Jack Finney - Le Voyage de Simon Morley

Le Voyage de Simon Morley, Jack Finney, 1970, 473 pages

Simon Morley est un jeune dessinateur new-yorkais dont l'existence n'a rien de particulière. Jusqu'au jour où un homme lui propose d'intégrer un projet ultra secret dont le but est le voyage dans le temps. Avec une méthode inédite qui ne nécessite pas de machine, seulement le conditionnement de l'esprit.

Si une vieille histoire de famille servira d'excuse à créer une petite intrigue au sein de ce voyage temporel, Le Voyage de Simon Morley est surtout un guide touristico-historique du New-York de 1882, clichés à l'appui. Jack Finney y promène le lecteurice en long, en large et en travers, avec un luxe de détails sur les bâtiments et technologies de l'époque. C'est sans conteste un impressionnant travail de recherche et de restitution.

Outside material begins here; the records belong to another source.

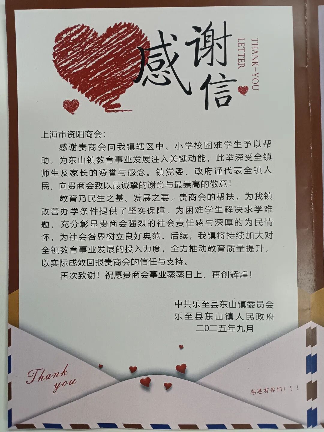 拳拳爱心点燃希望,片片真情托起朝阳。为感谢上海市资阳商会广大会员的爱心善举,中共乐至县东山镇委员会、乐至县东山镇人民政府特地致感谢信,向上海市资阳商会及广大会员表示崇高敬意和衷心感谢。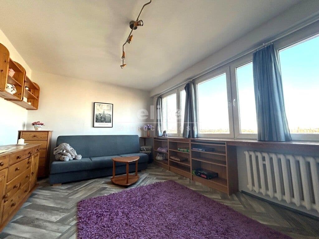- pokój dzienny (w pełni umeblowany: rozkładana kanapa, szafki, stolik kawowy), cała ściana z oknami z których rozpościera się widok na panoramę miasta,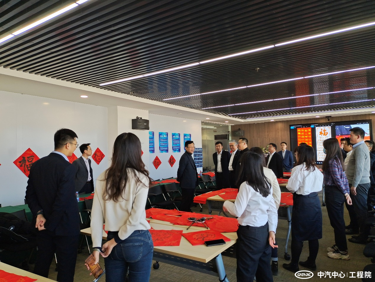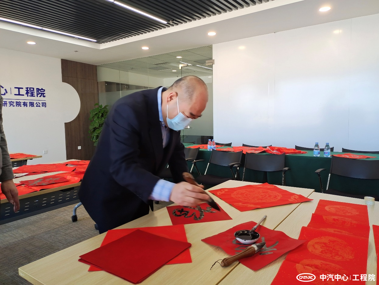 1月28日,正值虎年春節到來(lái)之際,工程院分會(huì )組織員工現場(chǎng)潑墨,題寫(xiě)春聯(lián),用對聯(lián)裝點(diǎn)辦公區域,帶來(lái)了一份節日的喜氣。中汽中心黨委書(shū)記、董事長(cháng)、總經(jīng)理安鐵成來(lái)到活動(dòng)現場(chǎng)慰問(wèn)工程院干部職工。中汽中心職工董事、工會(huì )主席文寶忠現場(chǎng)揮毫題“福”,大家在現場(chǎng)紛紛打開(kāi)AR集五福,沾沾來(lái)自文主席的“敬業(yè)福”。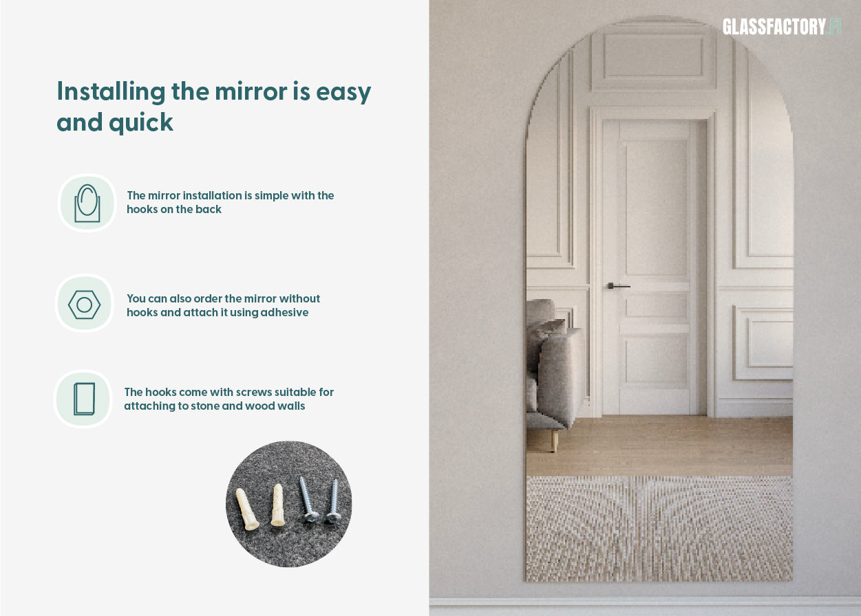 There are several standard sizes of Arch mirrors with and without LED lights. This mirror is delivered without LED lights, with hanging hooks on its back and removable legs at the bottom, allowing it to be adjusted to 0-15 mm in height. We recommend installing the mirror a few millimeters above the floor to reduce the risk of damage. The mirror can also be hung on the wall using the hooks on the back.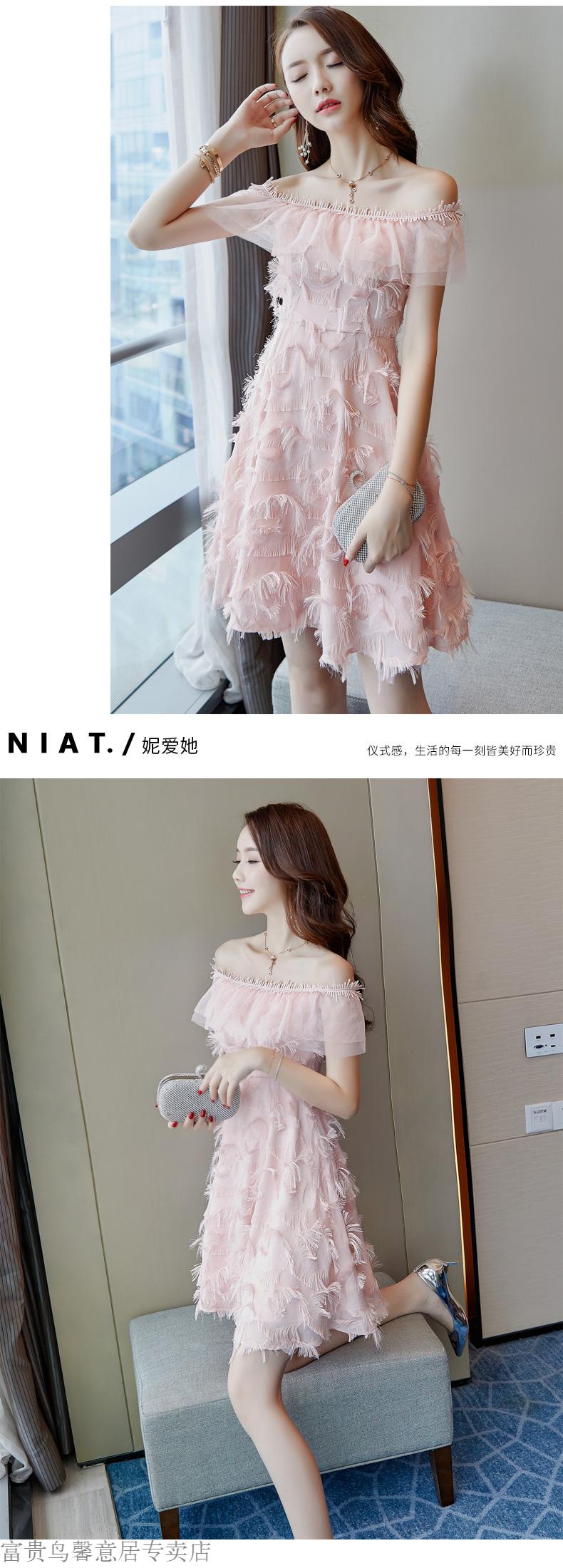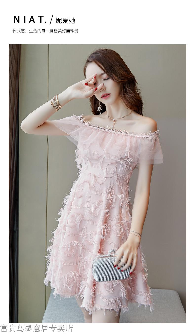 商品名称:富贵鸟 2021年新款春装平时可穿礼服性感小个子露肩一字肩连衣裙子女夏季 白色 L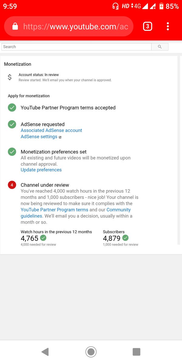 I have completed 4,000 hours of watch time and 1,000 Subscriber as per YouTube policies.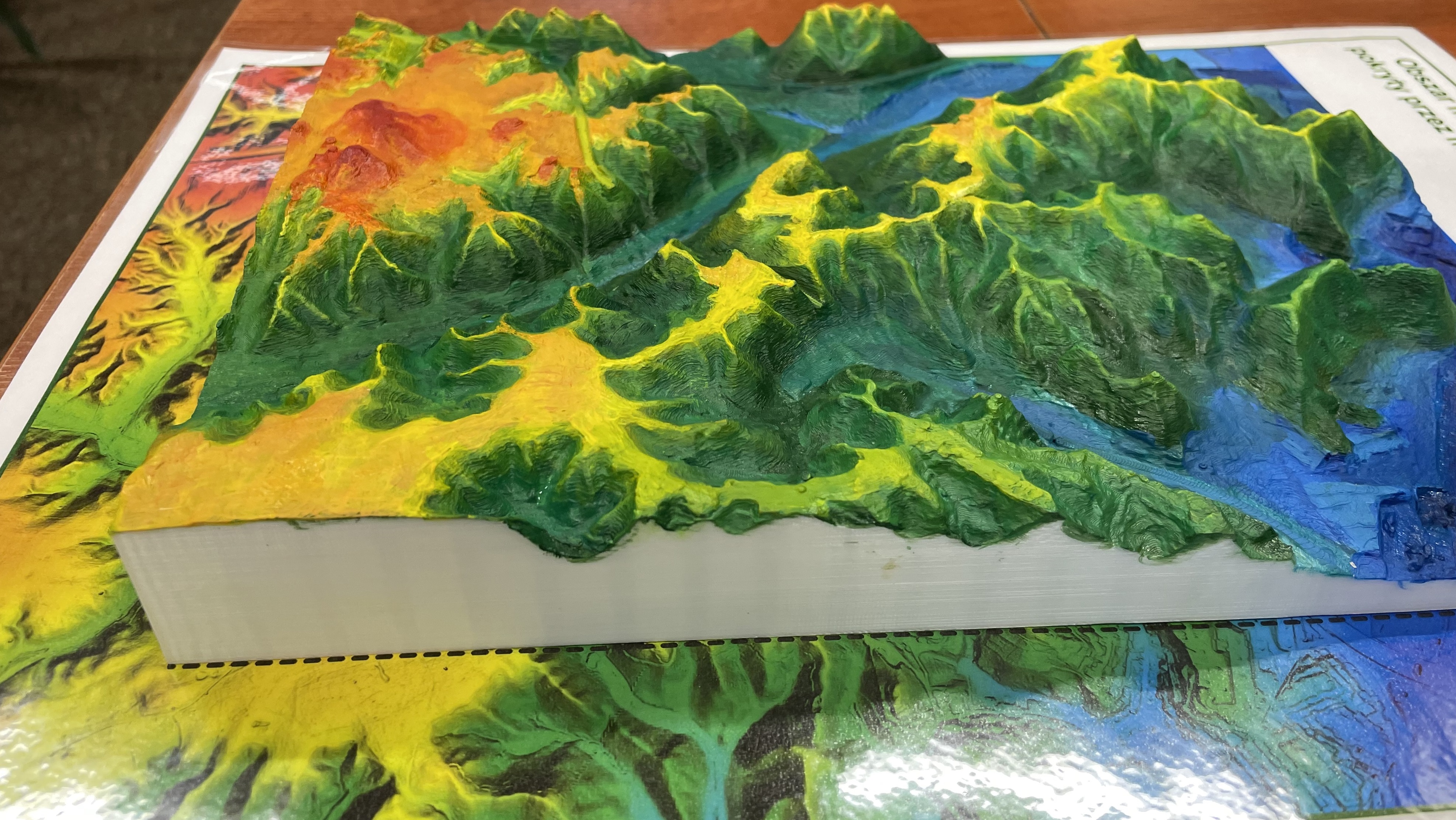 Model terenu (pomalowany wydruk 3D) od poziomu morza, skala 1:10 000 - Chylonia

D'un point de vue romanesque, c'est bien moins resplendissant, puisqu'il est régulièrement possible de sauter des pages entières sans rien perdre de l'intrigue, si ce n'est un déplacement de quelques rues. C'est aussi vide d'histoire que c'est plein d'Histoire. Si vous adorez Connie Willis mais que vous trouvez que ses intrigues sont si neutres qu'on pourrait les réduire sans rien y perdre, alors Le Voyage de Simon Morley est fait pour vous.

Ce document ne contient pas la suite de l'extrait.